IMPLEMENTATION OF DSP
INTRODUCTION, MODELS OF COMPUTATION
February 5, 2020

OUTLINE

• DSP applications
• DSP platforms
• The synthesis problem
• Models of computation

DIGITAL VS. ANALOG SIGNAL PROCESSING

• Digital signal processing (DSP) characterized by:
  – Time-discrete representation of signals: signals sampled at regular time intervals.
  – Quantized representation of signals: signal level is given by a finite number of bits.
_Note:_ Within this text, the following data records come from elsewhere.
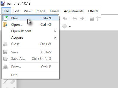 ![]() Potem pa v Paint.net kliknite na File ter izberite New... |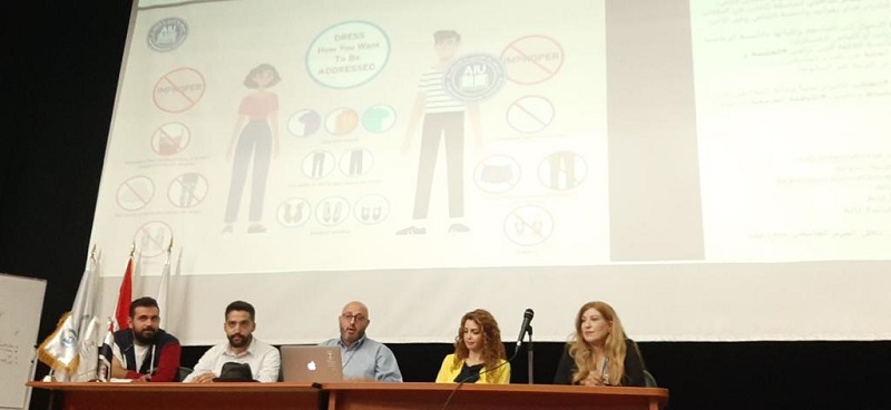 حيث قام الدكتور جهاد يعقوب مدير مديرية شؤون الطلاب، بالترحيب بالطلبة الجدد، وبعرض تقديمي مفصَل عن الجامعة وأقسامها ونظامها الأكاديمي ونظامها الداخلي والنشاطات والأندية الطلابية، والتي تمكن الطالب من معرفة مسيرته الأكاديمية والخيارات المطروحة له والأنشطة الجامعية.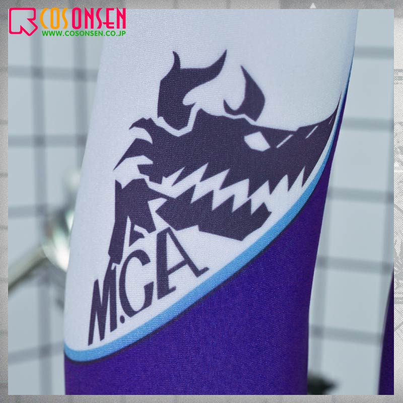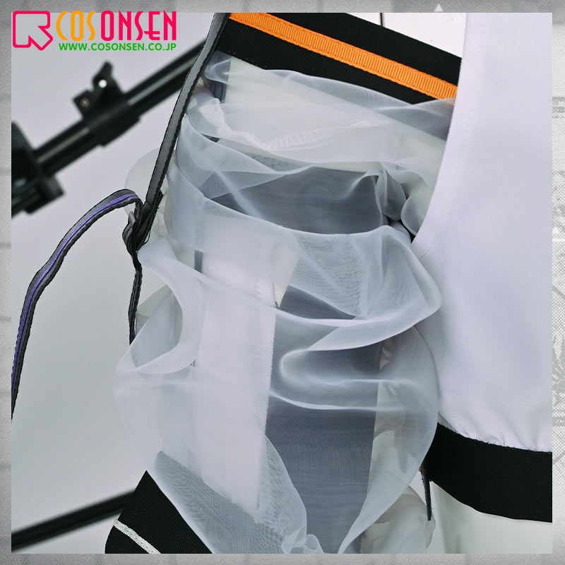 ポリエステルギャバで製作しています。白色とオレンジ色を基調として、胸先にベルトを飾り、原作を再現します。

APPLICATIONS OF DIGITAL SIGNAL PROCESSING

• Embedded digital signal processing is everywhere!
• Examples:
  – Speech
  – Audio
  – Video
  – Radio/wireless
  – Radar
  – Any application that processes signals in the digital domain.

TYPICAL ALGORITHMS

• Filtering: FIR, IIR, with fixed coefficients or adaptive
• Encoding/decoding
• Compression/decompression
• Frequency-domain processing
• Downconversion: shifting carrier frequency in communication
• Etc.
TYPICAL NUMBERS

- Speech: 8 kHz, 12-16 bits
- Audio: 44 kHz, 16-24 bits, two channels (stereo)
- Video, various formats, e.g.:
  - HDTV approx. 2000 by 1000 pixels at 50 frames per second resulting in data rates of 100 MHz, 3 colors of 8-12 bits each

REGISTER-TRANSFER (RT) VIEW OF HARDWARE

SAMPLE FREQUENCY VS. SYSTEM CLOCK FREQUENCY

- The ratio between the system clock frequency and the sample frequency determines the necessity for parallel processing.
- A single processor clocked at, say, 100 MHz may handle all audio processing on its own: it has thousands of clock cycles available per signal sample.
- Video processing may on the other hand require multiple processors and/or dedicated hardware.

STREAMING VS. BLOCK-BASED

- Streaming data:
  - Data samples are processed as they arrive
  - Requires little local storage
  - Time-domain processing
- Block-based processing:
  - Stores incoming data until some block size is filled
  - Processes entire block
  - Think e.g. of an FFT (Fast Fourier Transform) or DCT (Discrete Cosine Transform)
IMPLEMENTATION PLATFORMS (1)

- General-purpose processor (GPP), such as a Pentium
- Digital signal processor (DSP):
  - Much better suited (parallel arithmetic in data path, support for “multiply-accumulate” operation, Harvard architecture for parallel access to data and program memory, etc.)
- Multicore GPPs or DSPs (trend!)
- Very large instruction word (VLIW) processor:
  - Many parallel arithmetic units in data path, each controlled by appropriate bits in instruction word
- Graphics processing unit (GPU):
  - General purpose computation on GPUs (GPGPU)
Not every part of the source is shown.